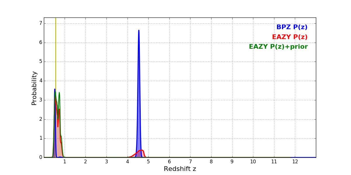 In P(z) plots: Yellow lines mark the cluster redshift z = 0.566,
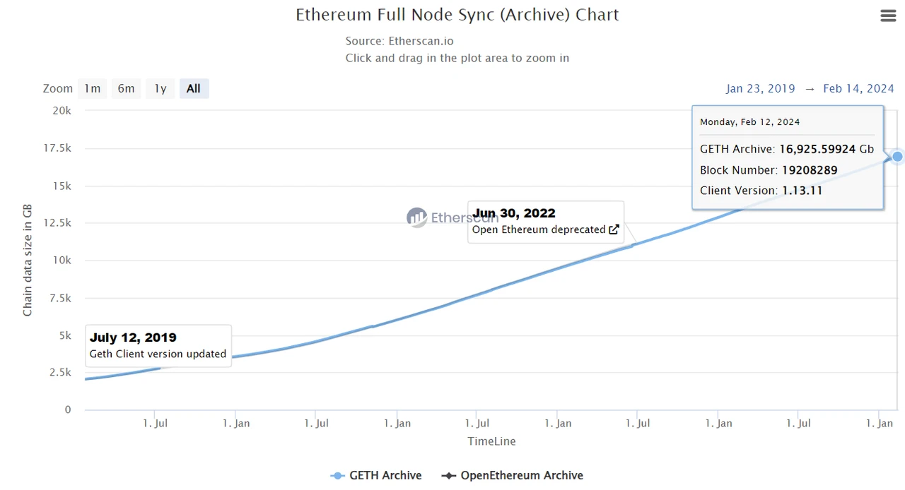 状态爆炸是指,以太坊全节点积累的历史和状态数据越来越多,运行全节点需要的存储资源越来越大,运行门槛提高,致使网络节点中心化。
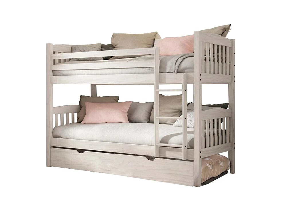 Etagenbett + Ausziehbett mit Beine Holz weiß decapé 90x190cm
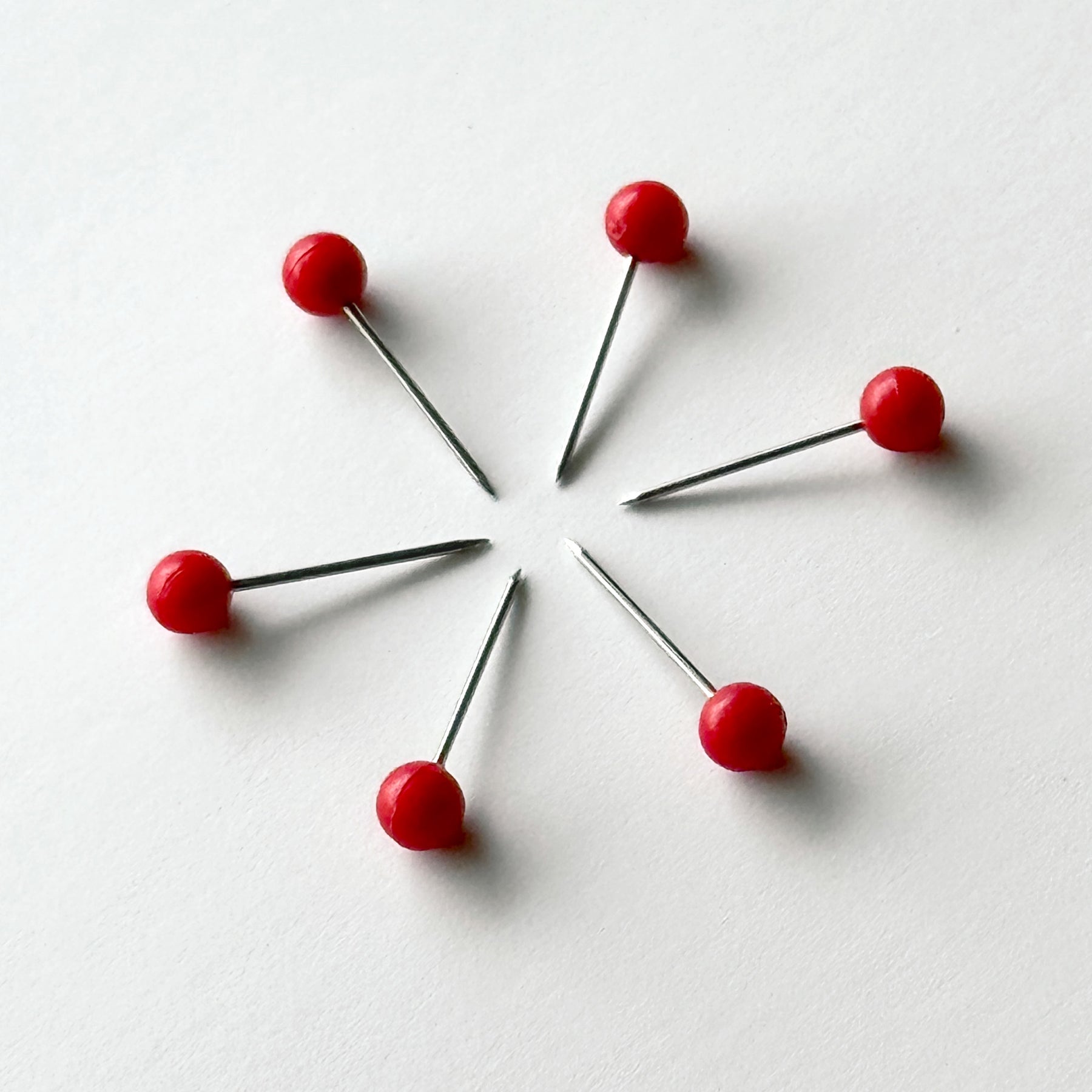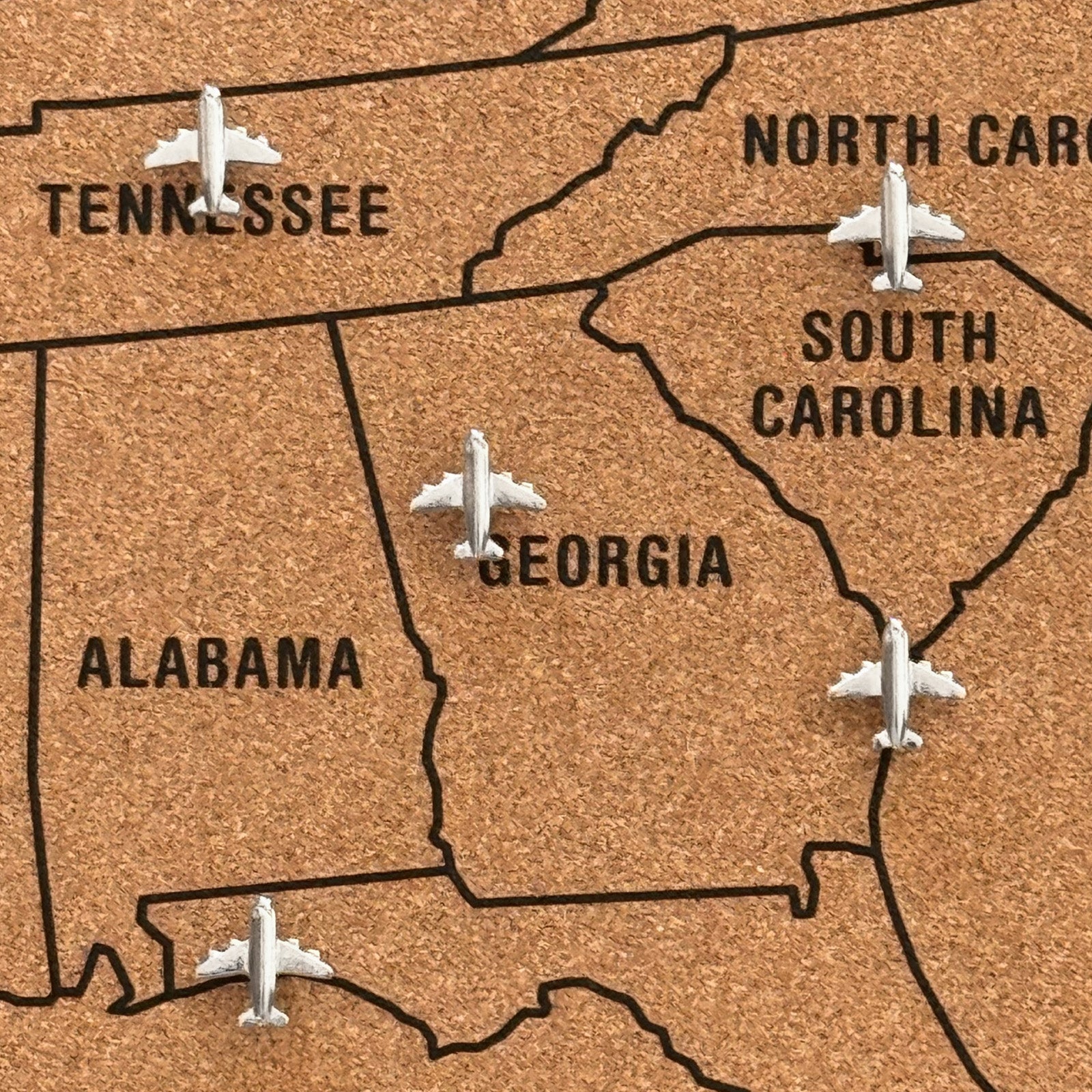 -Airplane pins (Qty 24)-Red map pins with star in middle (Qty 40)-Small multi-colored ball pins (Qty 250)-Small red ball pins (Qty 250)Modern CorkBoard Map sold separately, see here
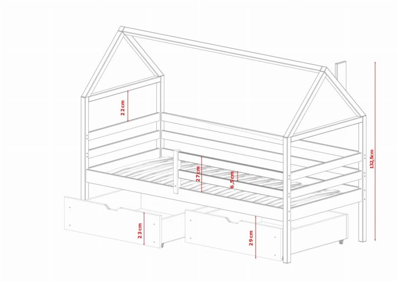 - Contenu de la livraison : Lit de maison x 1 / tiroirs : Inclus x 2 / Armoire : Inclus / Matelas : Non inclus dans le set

§

## Goal of the exercise
Leave out the pictures and return the rest of the records exactly.

## Exercise answer
 In P(z) plots: Yellow lines mark the cluster redshift z = 0.566,
 状态爆炸是指,以太坊全节点积累的历史和状态数据越来越多,运行全节点需要的存储资源越来越大,运行门槛提高,致使网络节点中心化。
 Etagenbett + Ausziehbett mit Beine Holz weiß decapé 90x190cm
 -Airplane pins (Qty 24)-Red map pins with star in middle (Qty 40)-Small multi-colored ball pins (Qty 250)-Small red ball pins (Qty 250)Modern CorkBoard Map sold separately, see here
 - Contenu de la livraison : Lit de maison x 1 / tiroirs : Inclus x 2 / Armoire : Inclus / Matelas : Non inclus dans le set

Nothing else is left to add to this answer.